Out of hours activities range from softball to bowling to drinking at a local watering hole. Similar to attire, see what those one to two levels of management up get involved in. Also see what those identified as “on the fast track” do after hours. In all likelihood these people work later at the office rather than engage in any of these above noted after hours activities. Unlike lunch and the fitness center, these activities are usually of limited value in the work place.

Days Off.

Even in the unlikely event that you are allowed vacation days during the first thirty days, do not take them. No matter what. Do not take any sick days either. Become a fixture at the office from day one.

The End of the Work Day.

Observe when others leave. Consider their responsibilities and management levels. No matter what, stay a little later than your peers. First of all, your supervisor may need something. Everyone else will be gone and she will know she can count on you. Secondly, there is a tendency of more senior business leaders to observe who leaves when. Staying later than others puts your face in the category of those who “are committed”. Make sure they quickly tie that face with a name. Do not pull all nighters. If you need to pull all nighters just to get on board with a new job, your supervisor will question what you will need to do when a real crisis hits and extra hours a required to deliver the big project.


Outside of the office, read everything you can find about: the company, the leadership, the market, the competition, the products and anything else in professional journals to keep you at least one step ahead of your peers in the office. You will quickly be viewed as an indispensable expert.
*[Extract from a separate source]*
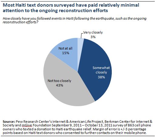 Most of the Haiti text donors surveyed have not closely followed the post-earthquake reconstruction efforts

New jobs are a challenge to anyone whether young or older, experienced or freshly minted MBA. What one does in the new office environment during the first thirty days sets the tone for the entire time in that office and with that company. While there is no easy road to success, following these points will go a long way to creating the image that supervisors and senior executives look for to identify those on the “fast track” to promotion, more responsibility and increased compensation.